== Data extract ==
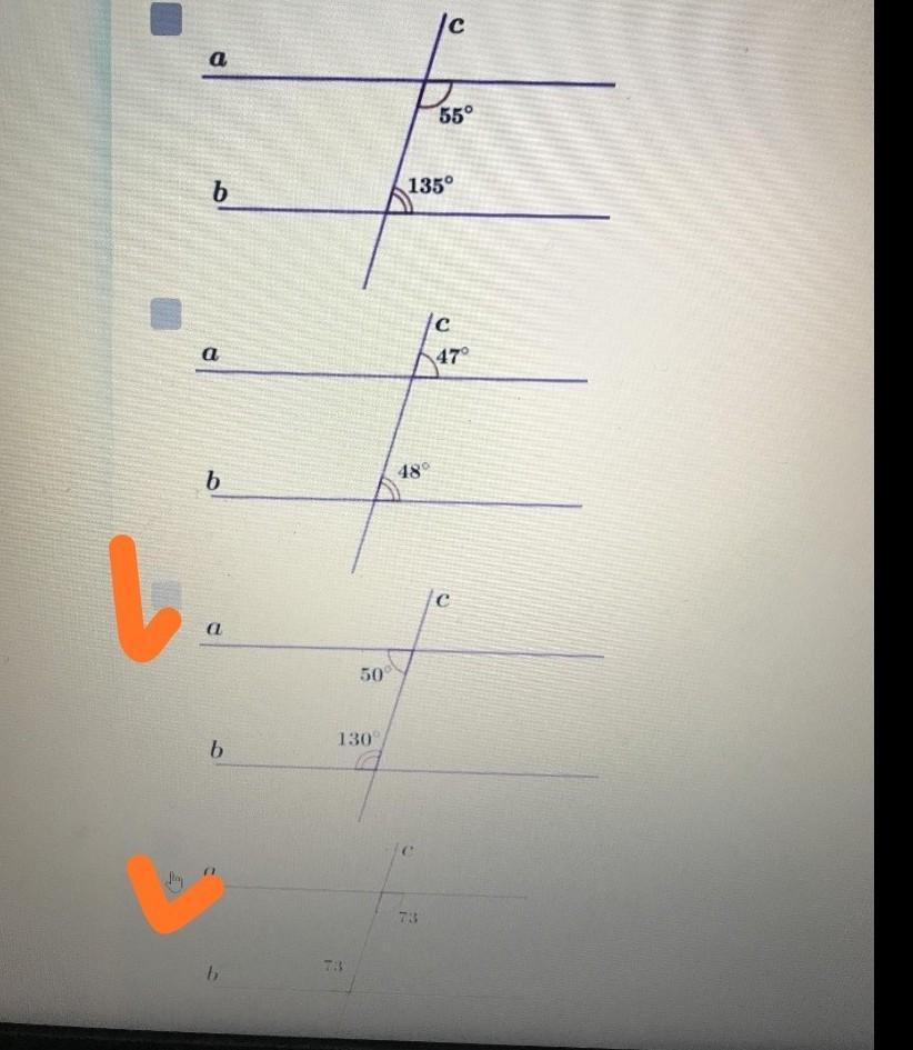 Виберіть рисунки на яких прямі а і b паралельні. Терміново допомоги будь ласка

...

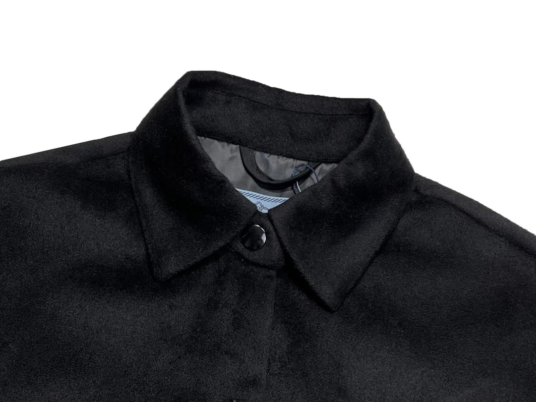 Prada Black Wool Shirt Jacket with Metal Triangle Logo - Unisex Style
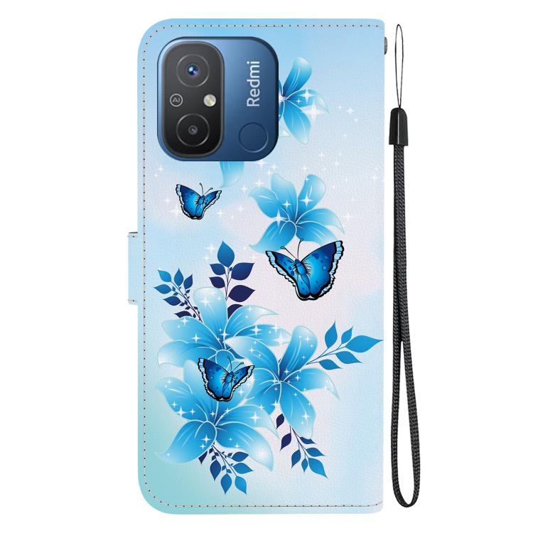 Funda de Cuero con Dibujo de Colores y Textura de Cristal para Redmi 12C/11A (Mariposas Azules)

== Work instruction ==
Within the entries above, the lines from the one containing "Prada Black Wool" through the one containing "Funda de Cuero" are to be transcribed exactly, ends included, pictures excluded.

== Problem solution ==
 Prada Black Wool Shirt Jacket with Metal Triangle Logo - Unisex Style
 Funda de Cuero con Dibujo de Colores y Textura de Cristal para Redmi 12C/11A (Mariposas Azules)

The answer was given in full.